Afin de sécuriser les pratiques des entreprises, il serait souhaitable de préciser les conditions
dans lesquelles une mission, même d’une longue durée, permet le remboursement de frais
professionnels pour déplacement.
4. Délais de paiement
Quand une entreprise a des problèmes de trésorerie, et qu’elle ne peut pas régler la totalité
de ses cotisations à l’Urssaf, un délai de paiement peut être accordé, pour ce qui concerne
les cotisations patronales, les majorations et pénalités de retard. Pour bénéficier de ce délai,
l’employeur doit avoir réglé ses cotisations salariales et présenter des garanties. Seul le
directeur de l’Urssaf peut prendre la décision d’accorder cette mesure de faveur (art. R 24321 CSS).
En 2009, compte tenu du contexte économique, des mesures exceptionnelles avaient été
prises en vue de régler en amont les difficultés des entreprises :


mise en œuvre d’une procédure particulière pour faciliter ces demandes :
demande par téléphone (ligne dédiée) ou par internet ; la demande était
accompagnée d’un certain nombre d’informations sur l’origine des difficultés
de l’entreprise, l’estimation de la durée de l’étalement…

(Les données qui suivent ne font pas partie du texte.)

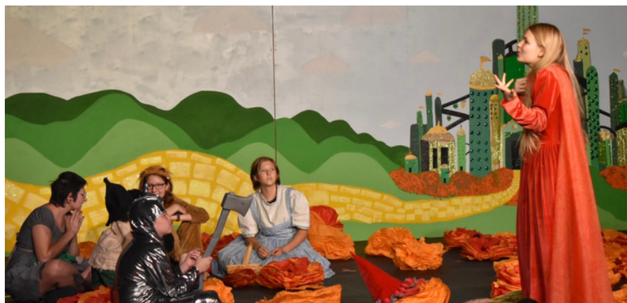
Dorothy & Co sitting beside the yellow brick road

The program meets for six weeks every summer and organizes a production of The Wizard of Oz, usually with some sort of twist.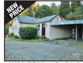
4809 Leif Erickson Dr., Astoria $255,000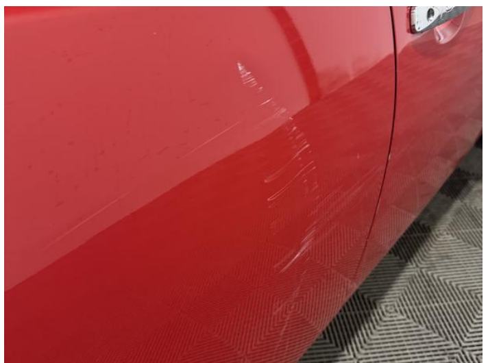
14: Door osr Dented With Paint Damage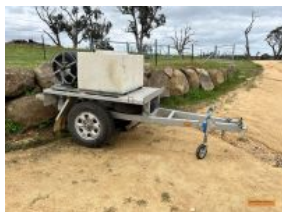
Outside Entry 2 - CJ Environmental Pty Ltd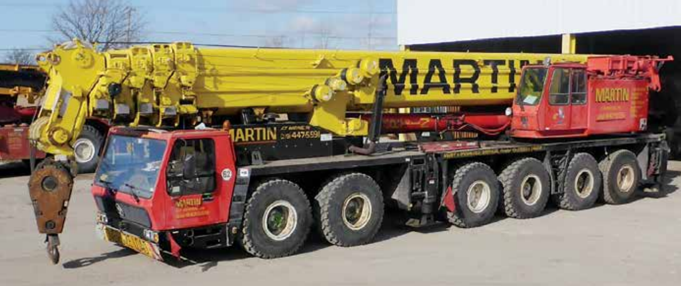
Krupp KMK6200 275 Ton 12x8x4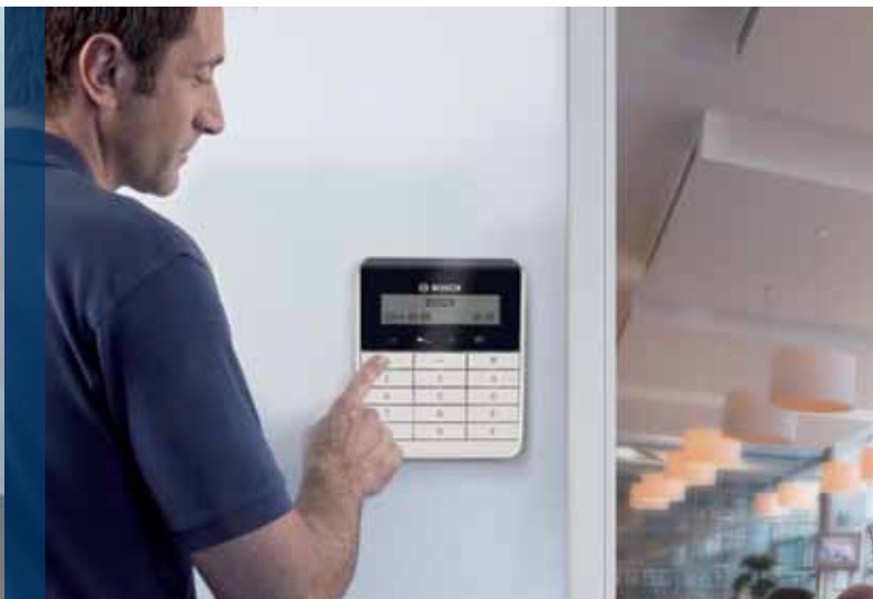
Easy to use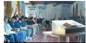
These men were saved in our rehabilitation ministry.

One of our exciting ministries is our open-air, street-preaching services. Each Saturday, we take a couple van-loads of members to a different unreached area. We divide up with megaphones and flyers and announce the upcoming meeting. One Saturday, we held three of these services, and I was able to preach to over 900 people outside that day. Many people from these meetings come to our church to make public their professions of faith in Christ. The purpose of these meetings is to win souls, find new areas for routes, and find places to start churches in the future.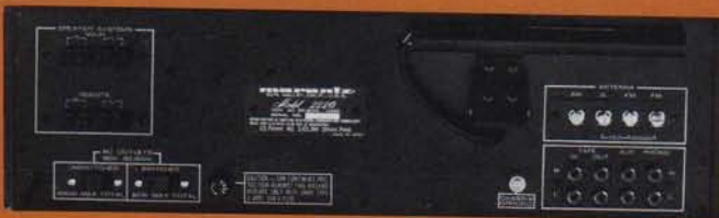
Rear view: Marantz Model 2220 Stereophonic Receiver (40 Watts Continuous)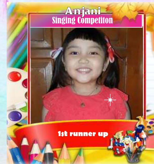
Anjani Singing Competition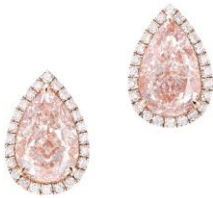
5.01-carat Very Light Pink Diamond, 5.00-carat Faint Pink Diamond and Diamond Earrings Estimate: HK$3,500,000 - 5,000,000/ US$450,000 - 640,000

This season's sale also shines with an array of dazzling coloured diamonds that will captivate collectors. Among the highlights are the exquisite 5.01-carat very light pink diamond and 5.00-carat faint pink diamond earrings, a unique asscher-cut 5.51-carat fancy vivid yellow diamond and diamond ring, and the stunning 6.49 and 6.10-carat fancy intense yellow diamond and diamond ear pendants. These exceptional pieces showcase the unparalleled beauty and rarity that make coloured diamonds so highly coveted. Coloured diamonds are highly sought after by collectors due to their rarity and unique palette. Each colour tells a different story, with pink diamonds exuding a romantic allure and yellow diamonds symbolising warmth and optimism. The exceptional colour saturation and brilliance of these gems make them standout investments and cherished additions to any collection.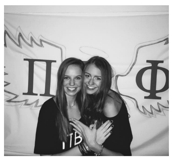
Here is a picture from February 7, 2016, in the Pi Beta Phi suite with one of my sisters, and one of my best friends to this day, on bid day after I rushed.

was not providing the college experience I was seeking, lacking the sorority rush and club involvement that I longed for. In addition, there were only a few majors that interested me after I realized that I did not want to do anything in business, which is the major I enrolled in. On top of it all, I was homesick. That is something almost every college kid experiences, but I was so far away with nobody to confide in, no aspect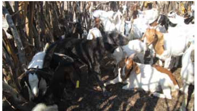
CCB assisted the Department of Wildlife and National Parks in its NHWC Project, which included constructing predator-proof kraals for farmers and placing LSGDs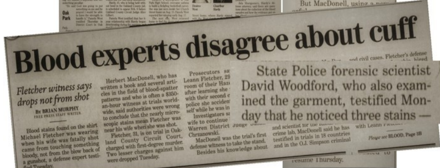
1Detroit Free Press June 21, 2000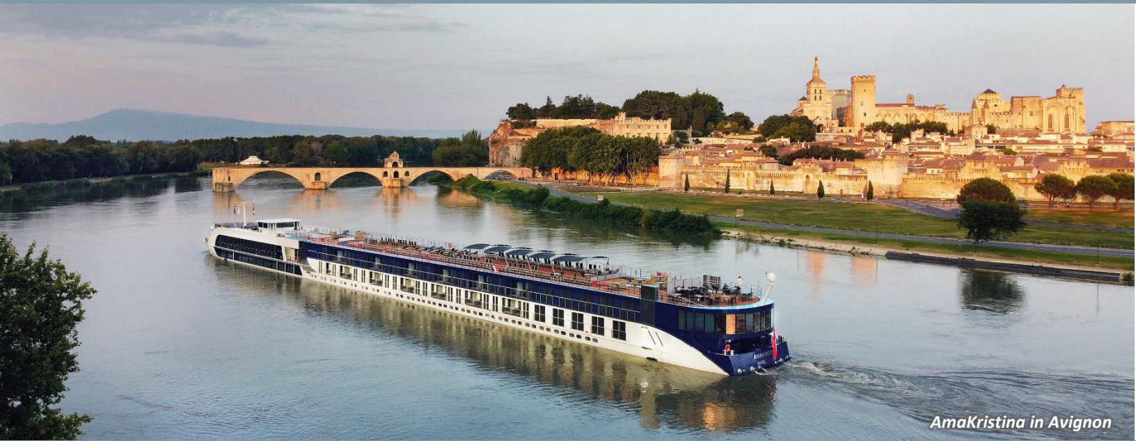
AmaKristina in Avignon

ABOARD AMAKRISTINA • 7 NIGHTS • APRIL 23 TO 30, 2026 Lyon • Vienne • Tournon • Viviers • Avignon • Arles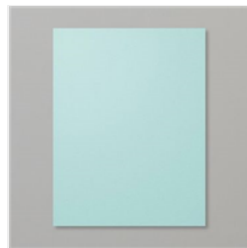
Pool Party 8-1/2" X 11" Cardstock - 122924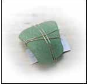
JSS1005 Sterling SeaGlass Broach $52.00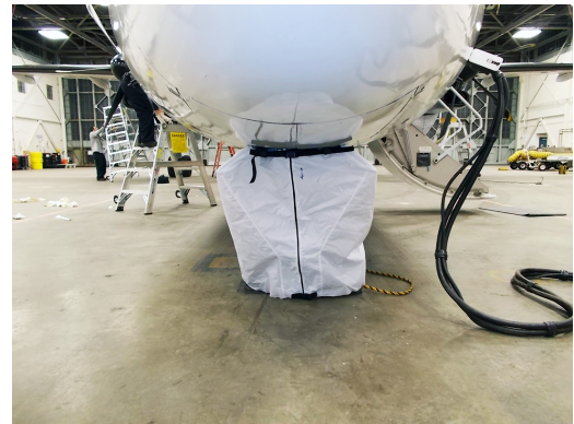
Q400, Nose gear landing/tire covers - Cold Weather Ops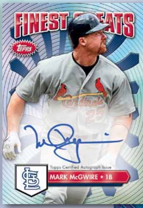
Autographed Finest Greats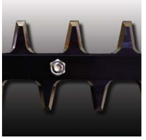
3 Cutting Surface Blade The induction hardened chrome steel blades are polish ground sharpened on all three cutting surfaces for a cleaner cut

*2 Guaranteed sound power level (LWAG), determined according to directive 2000/14/EC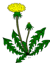
April Dandy Dandelions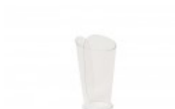
PLASTIC ARM GUARD Extra large, 7.5" long, clear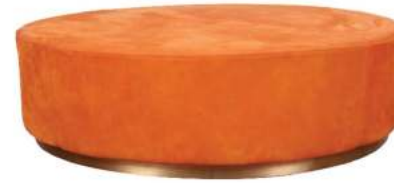
Stool Sap Code: 402-105-12 Ø1000*283mm (W*D*H) IMITATION LEATHER + LEATHER UPHOLSTERY / METAL LEG 578 USD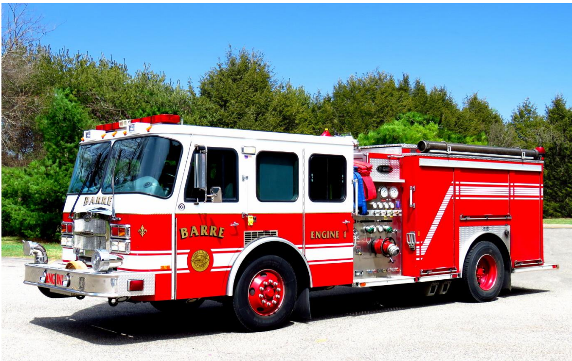
Barre Engine 1 2002 E-One "Typhoon" 1250/500. Former M.F.A. Engine 5, purchased in 2016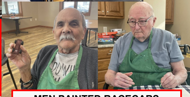
MEN PAINTED RACECARS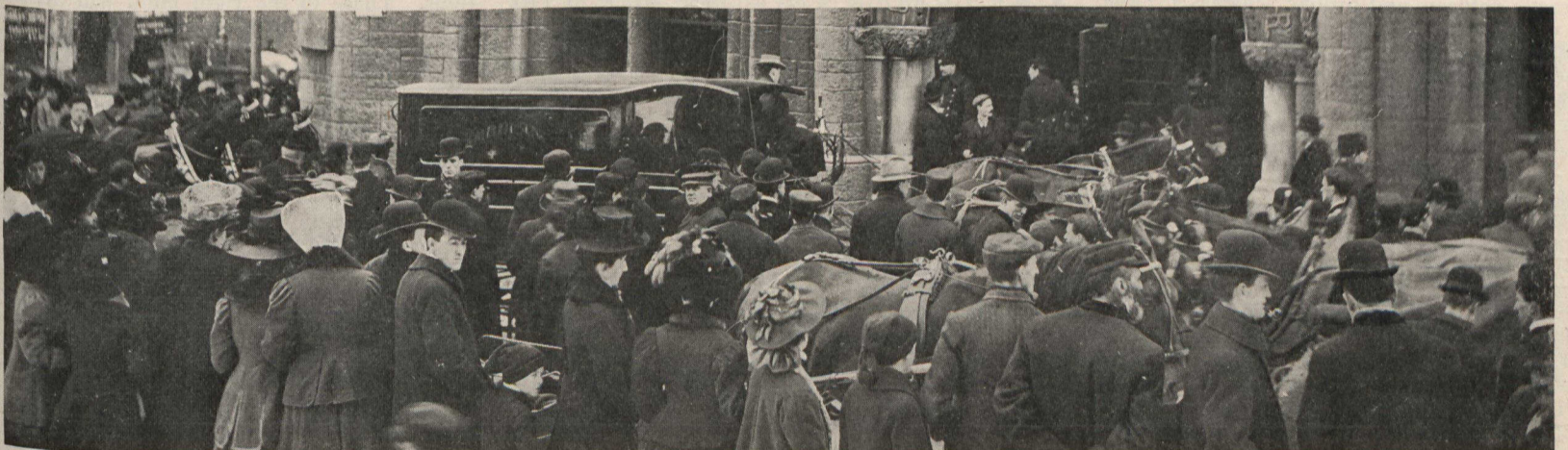
The Ambulances at the Main Entrance after the Accident.

obligation pour l’Urssaf de répondre dans un délai très bref : la réponse devait
être faite dans les 3 jours ouvrables en cas de demande par courriel (5 jours
ouvrables en cas de demande téléphonique).
Il serait souhaitable d’améliorer l’information des cotisants sur les délais de paiement
existants, et de rétablir les facilités qui avaient été accordées en 2009.